Hood’s most recent explosion in the 1780s lasted a decade. While considered a relatively minor event compared to blast activity dating back 30,000 years, it was enough to alter river flows and landscapes all the way to the Columbia.

When Lewis and Clark travelled along the river, they saw results of lava streams that created the Sandy River delta, which they described as full of quicksand and dead trees.

Today one is likely to see more dogs than ghost stumps in the area. Yet danger still lurks upstream where Hood occasionally billows smoke, releases gases and experiences barely detectable eruptions, loosening rocks that can cause slides and avalanches.

In addition to devastating nearby towns, Moran says a flare-up would close major east-west Highway 26 and the north-south byway 35.

The biggest worry is that eruption could come with little warning. Experts have no idea when this sleepy, though not sleeping, giant will awaken.

“No one knows exactly what to expect. Hood is not a one and done,” according to Moran.

In 1980, when remote Mt. St. Helens blew, falling ash was Portland’s major problem, but an eruption on Mt. Hood, with its semi-circle of transit routes, would cause impactful transportation and economic disruptions.

Detailing the risks, Moran told the Mt. Tabor Neighborhood Association that Hood will likely spew pyroclastic lava, melting its snowcap and glaciers, producing floods and devastating flows called lahars.

Mud and cement-like debris dense with rocks and trees could reach Government Camp, then Welches, within 30 minutes or so, gathering houses, cars and other wreckage to dump into the Columbia River.

Skiers, hikers and people living on Mt. Hood’s flanks would have little time to escape and recovery could take years.

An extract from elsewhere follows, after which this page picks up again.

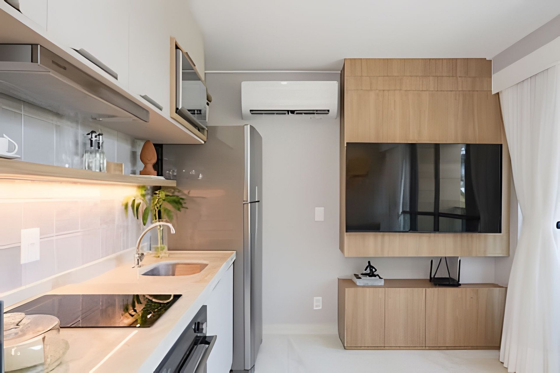 El espacio está equipado con todas las comodidades modernas necesarias para una estadía confortable. Hay aire acondicionado en todos los ambientes para garantizar una temperatura agradable, TV para entretenimiento y una cocina totalmente equipada donde podrá preparar sus propias comidas. La presencia de una hamaca en la parte exterior añade un toque de relajación y descanso.

It’s equally possible that Hood could wake-up, provide some alarming bursts and go quiet again. Even today, lava domes like Crater Rock continue to build up, break down and emit gases.

Moran says monitors are working round the clock from Portland to Hood’s Crater Rock formation to try to provide early warning.

Since a New York Times article last year indicated there were too few monitors, several more have been added for a total of 11 stations.

The moderating news is that Hood is generally not considered the Pacific NW’s greatest hazard. That honor goes to Mt. St. Helens followed by Mt. Rainier, which has far more monitoring stations than Hood.

Moran says Portland is the only major city that sits atop an active lava field that, in theory, could erupt at any time. Cinder cones could pop up anywhere  – even the airport.